### Work item
Range to reproduce from the entries below: the line with "Fitting equation of", the line with "CIOs who highly", and every line in between. Give them exactly and give nothing else.

### Working data

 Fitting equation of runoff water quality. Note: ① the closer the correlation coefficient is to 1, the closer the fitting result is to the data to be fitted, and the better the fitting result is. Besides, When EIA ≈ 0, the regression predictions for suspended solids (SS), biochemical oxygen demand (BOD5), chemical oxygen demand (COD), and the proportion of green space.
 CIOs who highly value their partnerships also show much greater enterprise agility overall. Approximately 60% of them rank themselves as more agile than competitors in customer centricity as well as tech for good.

--

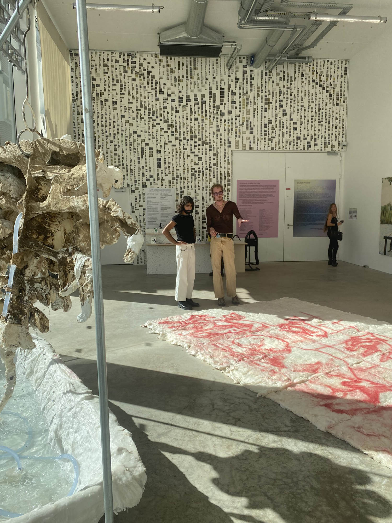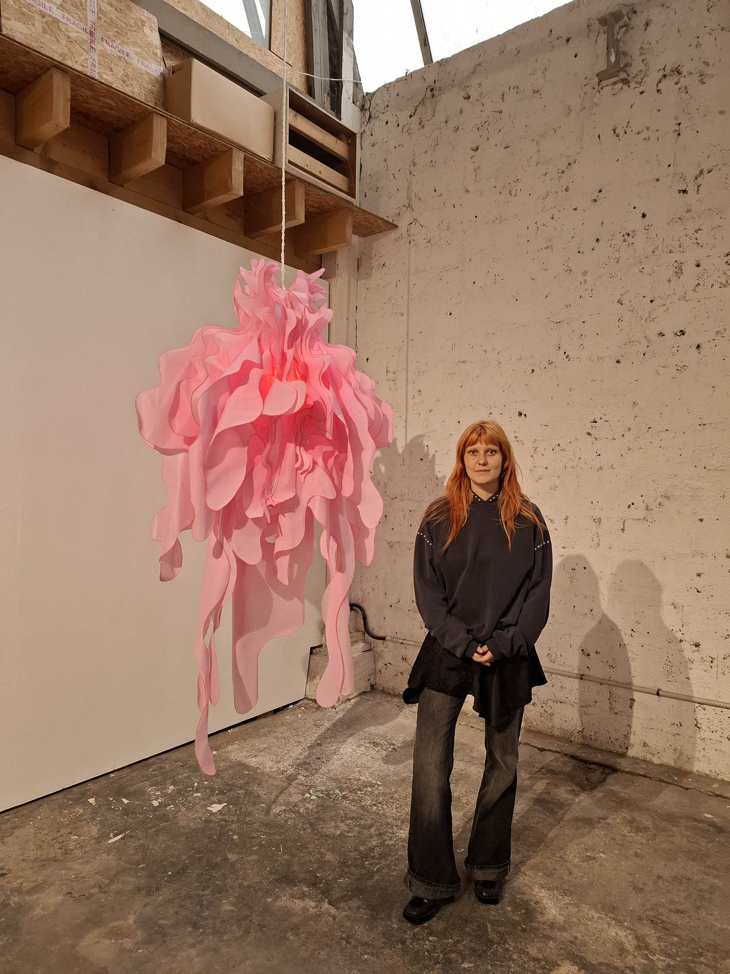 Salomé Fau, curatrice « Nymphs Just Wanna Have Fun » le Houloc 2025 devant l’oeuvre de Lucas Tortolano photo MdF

### Task solution
 Fitting equation of runoff water quality. Note: ① the closer the correlation coefficient is to 1, the closer the fitting result is to the data to be fitted, and the better the fitting result is. Besides, When EIA ≈ 0, the regression predictions for suspended solids (SS), biochemical oxygen demand (BOD5), chemical oxygen demand (COD), and the proportion of green space.
 CIOs who highly value their partnerships also show much greater enterprise agility overall. Approximately 60% of them rank themselves as more agile than competitors in customer centricity as well as tech for good.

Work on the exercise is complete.